Repeat nothing but the line that contains "Pictured above are" and the lines after it, through the end of the listing, exactly as they stand; omit pictures.

--- Data records Enclosed Below ---

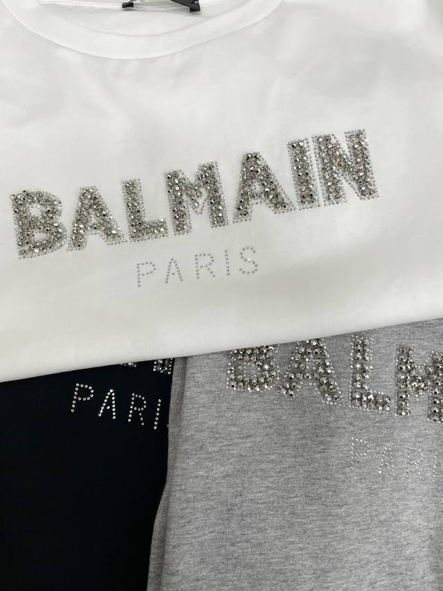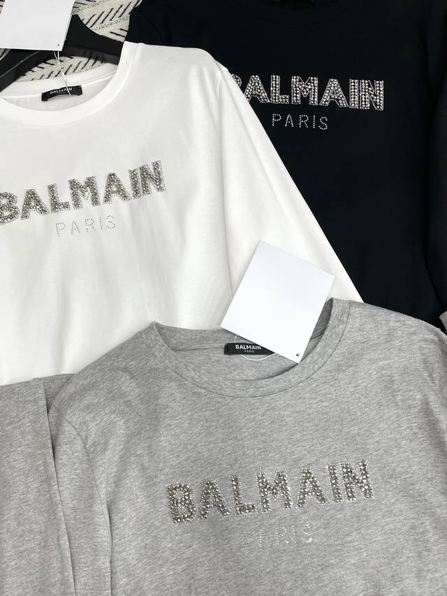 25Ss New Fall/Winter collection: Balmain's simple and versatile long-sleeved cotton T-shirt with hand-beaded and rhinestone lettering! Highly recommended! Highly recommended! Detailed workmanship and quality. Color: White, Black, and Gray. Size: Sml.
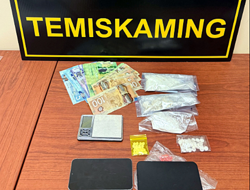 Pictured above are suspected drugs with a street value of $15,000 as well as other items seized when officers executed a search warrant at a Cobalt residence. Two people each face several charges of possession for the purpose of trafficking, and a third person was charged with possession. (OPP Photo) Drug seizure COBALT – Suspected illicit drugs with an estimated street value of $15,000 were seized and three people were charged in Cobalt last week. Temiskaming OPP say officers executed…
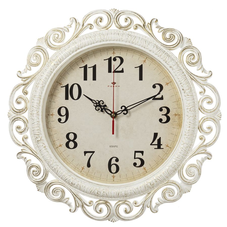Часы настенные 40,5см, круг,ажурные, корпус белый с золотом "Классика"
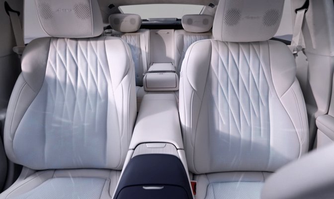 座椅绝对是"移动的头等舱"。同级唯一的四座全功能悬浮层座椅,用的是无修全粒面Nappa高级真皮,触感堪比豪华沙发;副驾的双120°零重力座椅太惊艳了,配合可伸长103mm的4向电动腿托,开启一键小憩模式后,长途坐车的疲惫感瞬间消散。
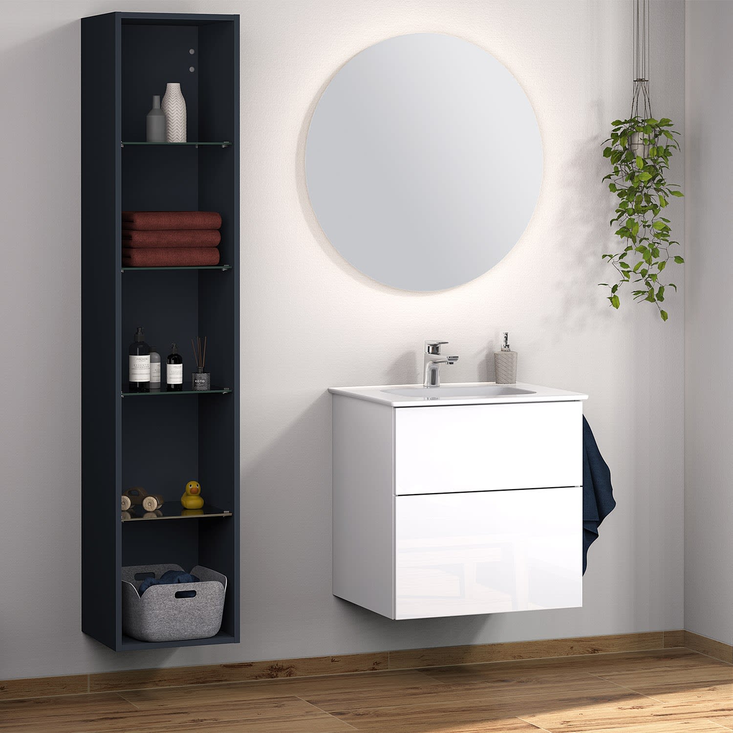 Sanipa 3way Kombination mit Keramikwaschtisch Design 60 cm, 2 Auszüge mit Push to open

--- End of Enclosed Data records ---

→ **Solution**:
 Pictured above are suspected drugs with a street value of $15,000 as well as other items seized when officers executed a search warrant at a Cobalt residence. Two people each face several charges of possession for the purpose of trafficking, and a third person was charged with possession. (OPP Photo) Drug seizure COBALT – Suspected illicit drugs with an estimated street value of $15,000 were seized and three people were charged in Cobalt last week. Temiskaming OPP say officers executed…
Часы настенные 40,5см, круг,ажурные, корпус белый с золотом "Классика"
 座椅绝对是"移动的头等舱"。同级唯一的四座全功能悬浮层座椅,用的是无修全粒面Nappa高级真皮,触感堪比豪华沙发;副驾的双120°零重力座椅太惊艳了,配合可伸长103mm的4向电动腿托,开启一键小憩模式后,长途坐车的疲惫感瞬间消散。
 Sanipa 3way Kombination mit Keramikwaschtisch Design 60 cm, 2 Auszüge mit Push to open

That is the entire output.